| TASK BRIEF |
Which lines belong in your copy? Those from the start of the data through the line with "Pri otvoritvi razstave", exactly as written, without any pictures.

| MATERIAL FOR THIS TASK |
•••

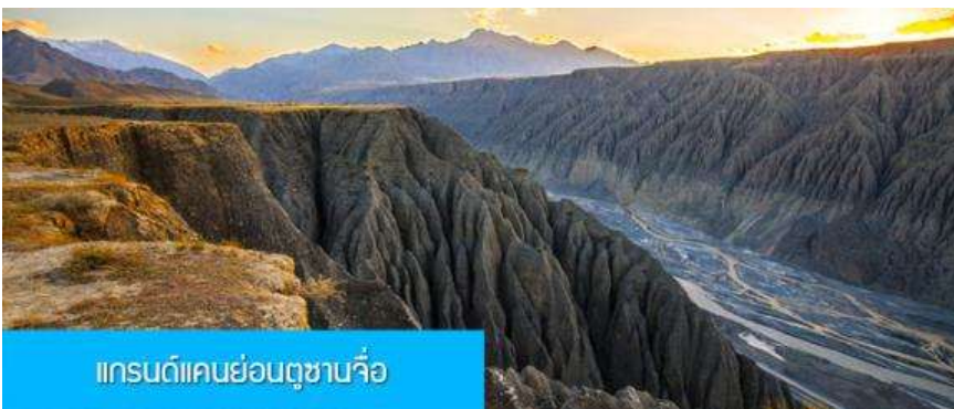
แกรนด์แคนยอนตูซันจื่อ

พักที่ RUI JING HOTEL โรงแรมระดับ 4 ดาวท้องถิ่นหรือเทียบเท่าในเมืองชุยถุน
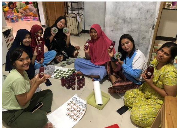
Gambar 2.3.8 Melihat Proses Pembuatan Olahan MANGROVE

Kunjungan ke UMKM PRIMANG untuk melihat proses pembuatan olahan Buah Pedada yang akan dijadikan Sebagai, Sirup Mangrove, Dodol Mangrove, dan Kopi Mangrove.
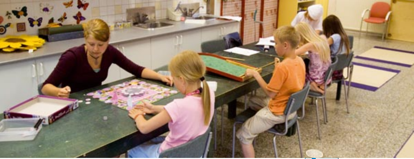
Topluluk hizmetleri; ilkokul çocukları için öğleden sonra eğitim merkezi, Lastenkaari, Finlandiya
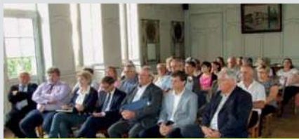
Maires Pays de Guîtres Juin 2015
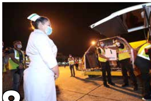
8 CUARTO LOTE DE VACUNAS
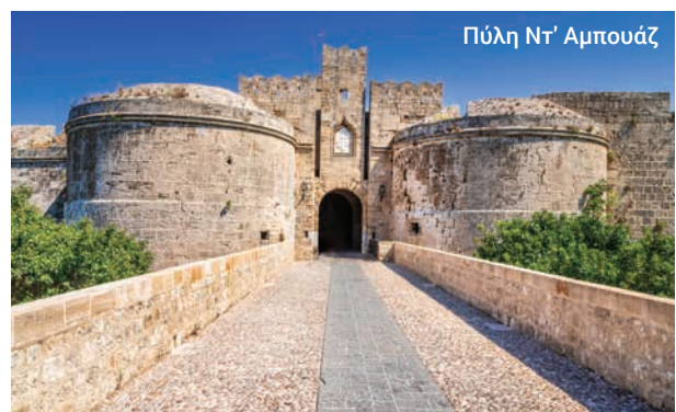
Πύλη Ντ' Αμπούζ

Όπως και να έχει, αυτή η ξενάγηση μας μεταφέρει στην καρδιά της συναρπαστικής ιστορίας της Ρόδου.
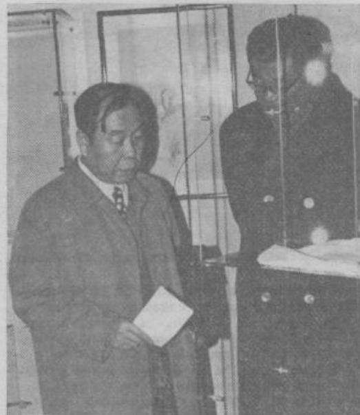
Pri otvoritvi razstave »Kitajske vezenine« v Goričanah so bili prisotni tudi predstavniki kitajskega veleposlaništva v Beogradu.

Sedanja razstava raznovrstnih in izvirnih kitajskih vezenin iz najnovejše preteklosti te dežele v muzeju Goričane pomeni začetek aktivnega sodelovanja Slovenskega etnografskega muzeja s kitajskimi muzeji. To sodelovanje in posredovanje izredno bogate stare in nove kitajske kulture nam bo še bolj približalo še pred nekaj leti neznano Kitajsko.
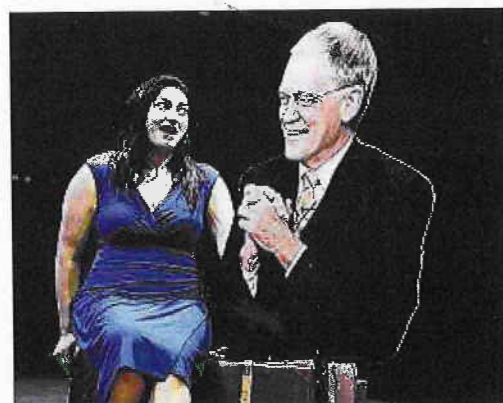
Shabana Rehman under øving på «New School of Drama Theater» før fredagens premie. Showet inkluderer et fiktivt intervju med David Letterman.
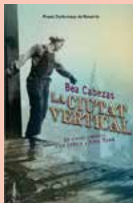
CLUB DE LECTURA 18.03
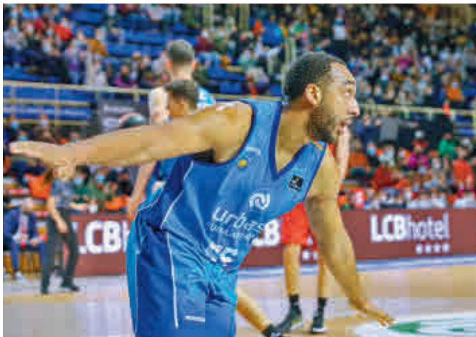
El Urbas volverá a jugar ante su público el martes 8

Una victoria en ese último choque no solo ayudaría al Urbas Fuenlabrada en su ca-
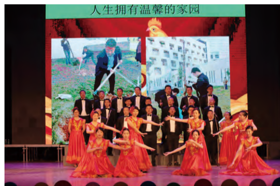
总裁办、审计监察部表演心歌《海洋王颂》
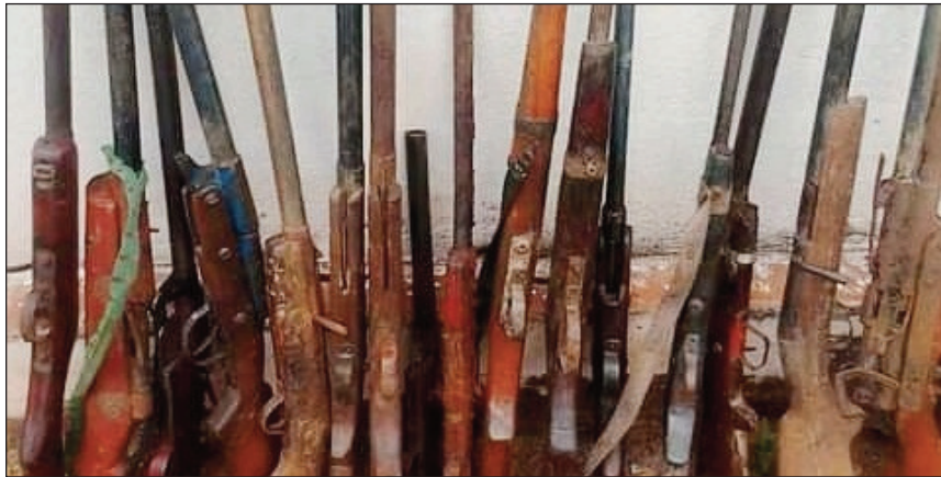
Basy azo tany Ambatofinandrahana.
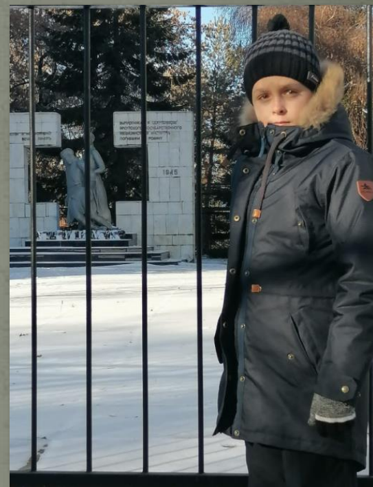
ПАМЯТНИК ВРАЧАМ И МЕДСЕСТРАМ, ПОГИБШИМ В ГОДЫ ВЕЛИКОЙ ОТЕЧЕСТВЕННОЙ ВОЙНЫ
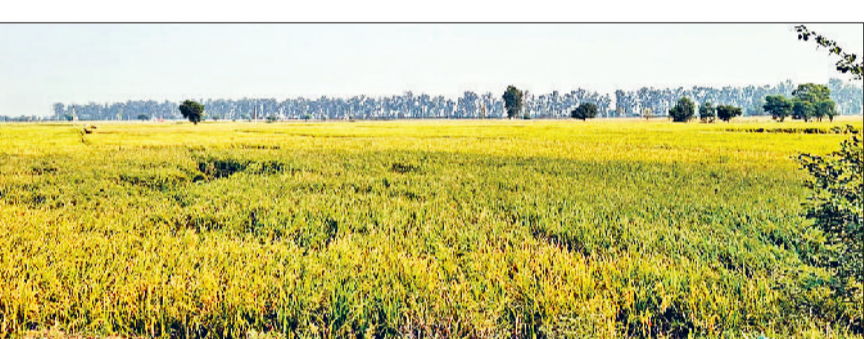
जींद। तापमान बढ़ने से साफ हुआ आसमान।

खेतों में पराली जलाने की घटनाएं सामने आने व दीपावली पर्व पर की गई जमकर आतिशबाजी ने शहर की हवा को जहरीली कर दिया है। हालांकि बुधवार को मौसम साफ रहा और जींद का एक्यूआई 236 पर रहा। जोकि पूंजर श्रेणी में आता है और यह सांस के रोगियों के लिए खतरनाक होता है। बुधवार को अधिकतम तापमान 32 डिग्री तथा न्यूनतम तापमान 17 डिग्री दर्ज किया गया। जबकि प्रति घंटा की गति में आद्रता 51 प्रतिशत बनी रही। मौसम साफ रहा और गुनगुनी धूप निकली। चिकित्सकों ने सांस के रोगियों को भारी भरकम काम न करने की सलाह दी है।
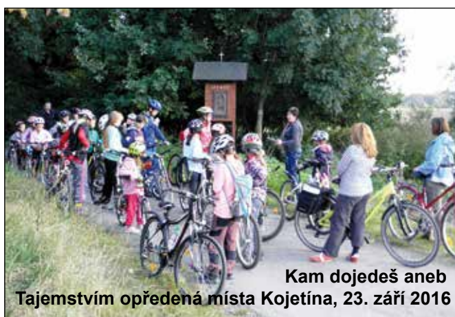
Kam dojedeš aneb Tajemstvím opředená místa Kojetína, 23. září 2016
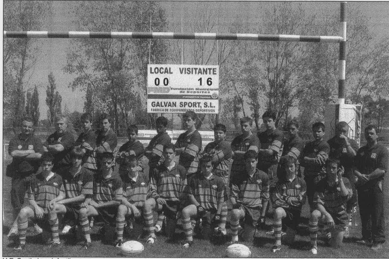
U.E. Santboiana Infantil Campeón de España Infantil
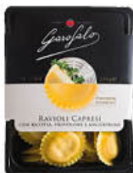
GAROFALO PASTA FRESCA RIPIENA 230 GR
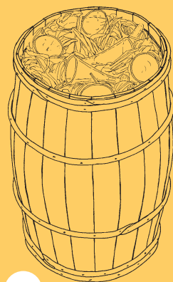
Drikkeglas fra Europa
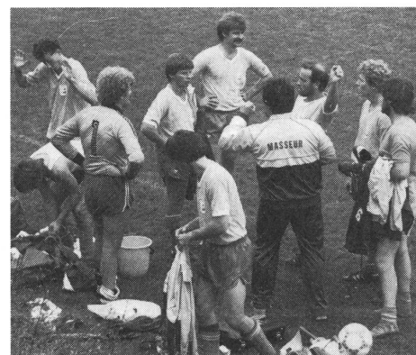
Luzern nach dem Final: «Warum haben wir verloren?»

Zwölf Mannschaften haben die Organisatoren eingeladen. Aus dem Ausland erschienen Karlsruhe, Bodensee, Ulm (alle BRD), Groningen (NL) und Bergamo (I). Sie alle erwiesen sich im nachhinein als krasse Versager. Die Tifosis aus Bergamo gefielen vor allem durch ihr Mundwerk, spielten aber fair. Bodensee war schwach, Ulm sogar superschwach, Groningen kam mit bloss acht (!) Mann. Einzig Karlsruhe vermochte einigermaßen mitzuhalten. 1. St. Gallen, 2. Luzern, 3. Bern, 4. Karlsruhe, 5. Aarau (die grosse positive Überraschung), so die Schlussrangliste. wag
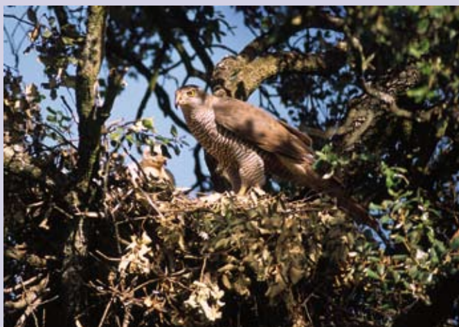
Esta muestra ofrece 60 espectaculares imágenes de fauna y flora autóctona.

Con motivo de la celebración del Día Mundial del Medio Ambiente, la asociación ecologista GEDEI inaugura el próximo 2 de junio una exposición fotográfica y una proyección de Juan Armendáriz con el título 'Las dehesas de Madrid', en la Biblioteca Central, Plaza de Andrés Caballero, 2.
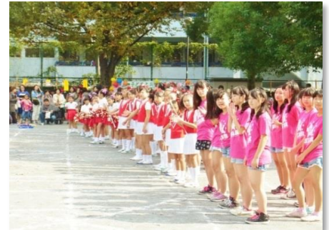
全員のダンスが終わりました。 みんなそろって先生に 「ありがとう！」
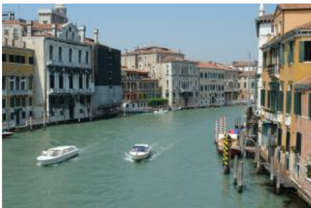
Zwei Taxis auf dem Canal Grande

Das private Wasser-Taxi fährt Sie direkt bis zu Ihrem Hotel. Diese Bequemlichkeit und Geschwindigkeit hat seinen Preis.
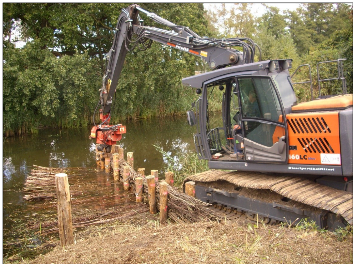
Buhne mit Nachbettsicherung aus Faschinen im Bau
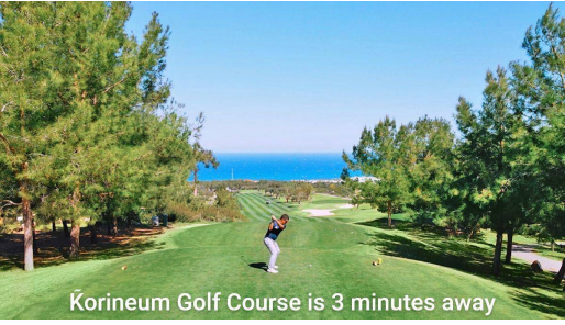
Korineum Golf Course is 3 minutes away
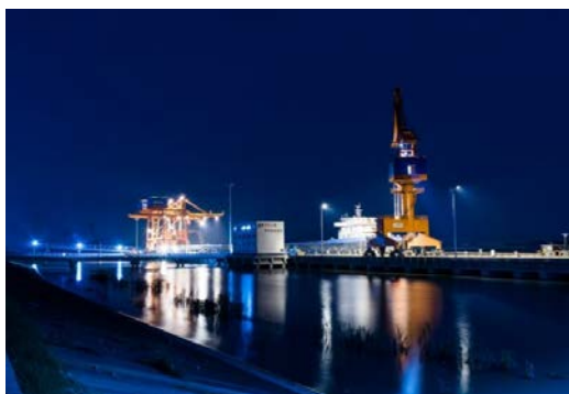
安徽中桩物流港码头
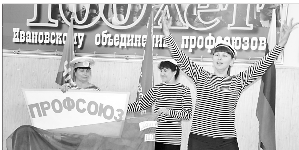
Команда «Спасательный круг» (ППО детского сада комбинированного вида №64 города Иванова) показала агитационную мини-театр о спасении Профсоюзом «моряка», тонущего в море социальной несправедливости и ущемлённых трудовых прав.
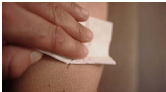
Fig. 24 E agora? Lembra-me
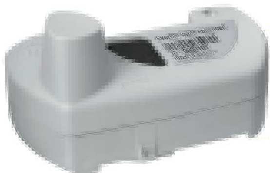
Рис. 2.3. Модуль EverBlu Cyble
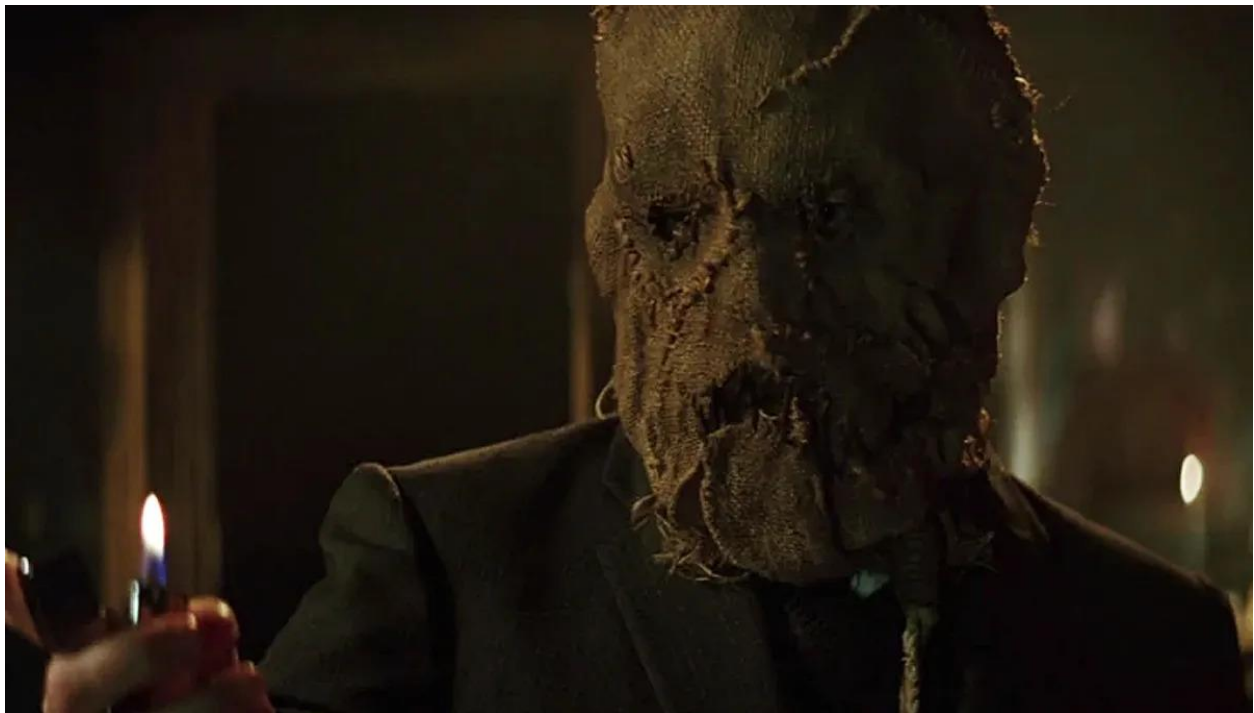
Slika 6.: Scarecrow
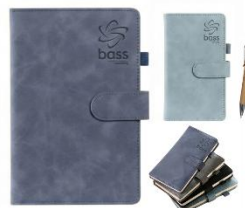
Bloc Notes A4 / A6 et Stylo
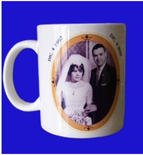
TAZA IMPRESA Taza disponible únicamente en color blanco, a comparación de las otras tazas esta no limita el diseño ya que pueden ir degradados, sombras e incluso una fotografía.
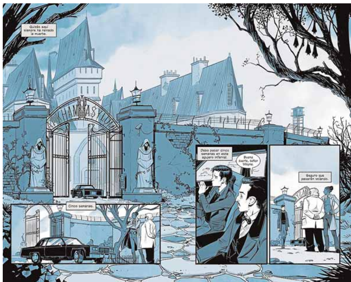
Bruce Wayne pasará a realizar trabajos sociales en el conocido Asilo Arkham.
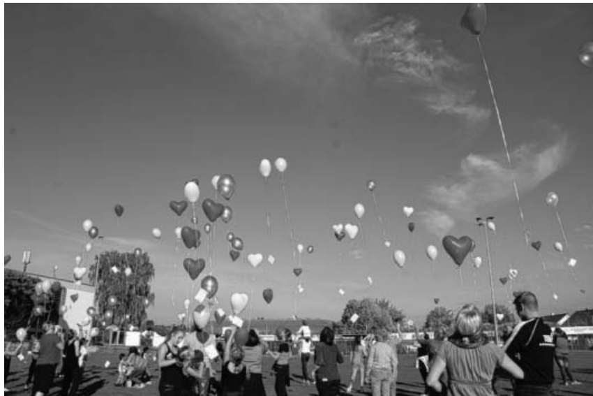
Luftballonstart beim TSV Sporttag.

„Überwinde den inneren Schweinehund“ weiterhin so erfolgreich umgesetzt wird. Für die tolle aktive Unterstützung während der Veranstaltung und Vorbereitungen bedankt sich das Organisationsteam der Turnabteilung bei allen Helfern, Übungsleitern, Akteuren, Anwesenden und Spendern.

•••

| SOLUTION TO THIS PROBLEM |
แกรนด์แคนยอนตูซันจื่อ

พักที่ RUI JING HOTEL โรงแรมระดับ 4 ดาวท้องถิ่นหรือเทียบเท่าในเมืองชุยถุน
Gambar 2.3.8 Melihat Proses Pembuatan Olahan MANGROVE

Kunjungan ke UMKM PRIMANG untuk melihat proses pembuatan olahan Buah Pedada yang akan dijadikan Sebagai, Sirup Mangrove, Dodol Mangrove, dan Kopi Mangrove.
Topluluk hizmetleri; ilkokul çocukları için öğleden sonra eğitim merkezi, Lastenkaari, Finlandiya
Maires Pays de Guîtres Juin 2015
8 CUARTO LOTE DE VACUNAS
Πύλη Ντ' Αμπούζ

Όπως και να έχει, αυτή η ξενάγηση μας μεταφέρει στην καρδιά της συναρπαστικής ιστορίας της Ρόδου.
Pri otvoritvi razstave »Kitajske vezenine« v Goričanah so bili prisotni tudi predstavniki kitajskega veleposlaništva v Beogradu.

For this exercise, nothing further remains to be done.